Decrease Maintenance Spending by Increasing Reliability

People don’t always behave rationally. When professionals spend years wasting money on avoidable repairs and replacements, that’s a perfect example of faulty thinking. Decision-makers often delay upgrading their procedures because it just doesn’t feel like the right time for a drastic change—but a look at the data reveals that it’s always the right time to start boosting your reliability.

In an article for Maintenance Technology, expert Al Poling tallies the dollar value of unnecessary breakdowns...

Some professionals believe that increasing reliability won’t pay off because there’s not much room for improvement. In fact, according to studies, the best-performing plants average 1% downtime a year, while for average performers it’s 7%—a sevenfold difference! So if you’re less than stellar, how does that affect your bottom line?

  • The first line item to consider is labor. Poling states, "Best performers average less than four days of downtime/year due to unreliability, including annualized downtime for turnarounds. Average performers endure more than 25 days of downtime/year due to unreliability. With a direct correlation between the number of equipment failures and the number of craft workers required to repair that equipment, the average-performing manufacturer would have spend seven times more on labor than the best performer."
  • Paying repair workers goes hand in hand with paying for repair materials. Poling hypothesizes that the amount spent on materials is usually roughly equivalent to the amount spent on labor.
  • Finally, there’s the largest expense—equipment replacement. Top performers already understand that proactive maintenance is the key to minimize equipment replacement. Emerson Process Management defines the practice of proactive maintenance as "analyzing why performance is degrading and then corrects the source of problems. The goal is not just to avoid a failure but to restore or even improve equipment performance.
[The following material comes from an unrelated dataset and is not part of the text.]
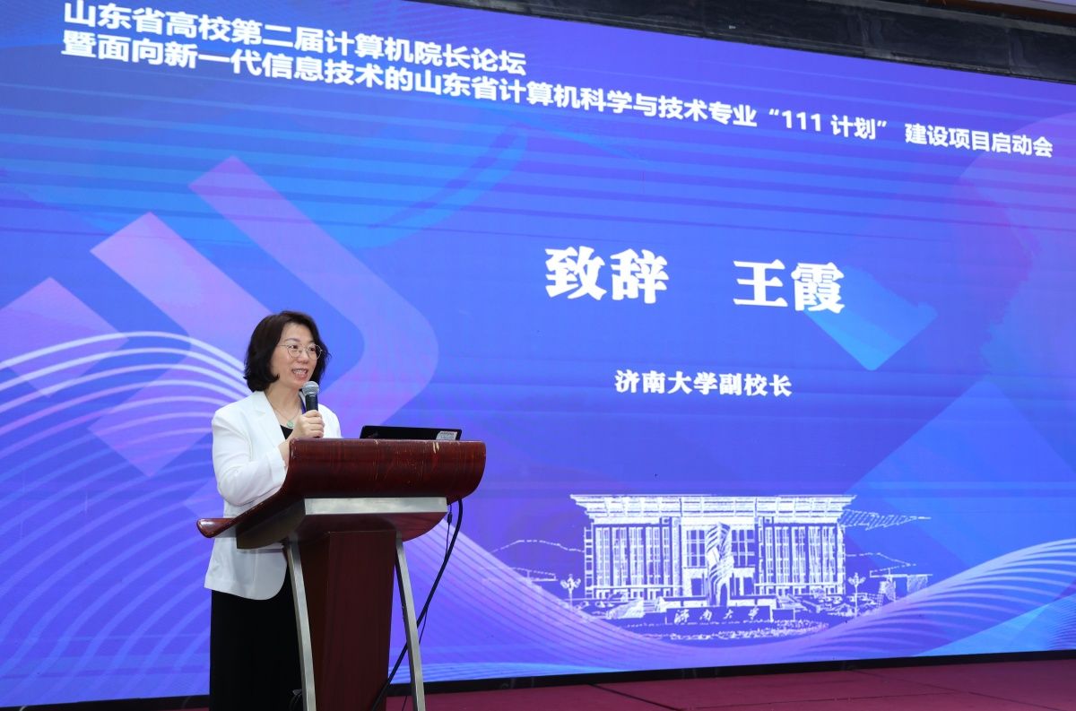 开幕式上,王霞向会议的召开表示热烈祝贺,向出席会议的各位领导、各位专家表示诚挚的欢迎。她指出,2023年底山东省教育厅启动了山东省普通本科高校重点领域教学改革试点项目立项建设工作,ac米兰作为核心单位申报的3个项目全部获得立项,是全省获得立项最多的高校之一。此次面向新一代信息技术的山东省计算机科学与技术专业“111计划”建设项目的启动,为ac米兰进一步深化计算机科学与技术专业的教学改革,提升人才培养质量带来了新的机遇和挑战。ac米兰将以此次启动仪式为契机,同各位兄弟院校一起打造计算机科学与技术专业高质量发展共同体,为山东乃至全国信息科技事业的发展贡献更大力量。

The best-practices plant of the future will actually spend more on maintenance to include this proactive approach in their arsenal and more than regain the investment in increased plant efficiency."

Soloman Associates adds, "If your plant mechanical availability is not well above 96%, you have valuable untapped margin. If your maintenance cost as a percentage of plant replacement value is not well below 2%, you may be spending too much." So, how can you achieve these results?

Don’t run to failure

We know that the biggest single maintenance expense is replacing equipment. Average companies assume replacement is inevitable, and keep using machines with little maintenance until eventually they fail conclusively. But every breakdown has a cause, and if you can figure out what causes are, you can prevent it. In his book Friction and Wear of Materials, MIT’s Ernest Rabinowicz determined that 70% of machine failure is due to surface degradation, and half of that comes from mechanical wear. Finally, research by the Society of Tribologists and Lubrication Engineers (STLE) and the National Research Council of Canada (NRCC) found up to 82% of mechanical wear of industrial machinery is due to particle contamination of the lubricating oil.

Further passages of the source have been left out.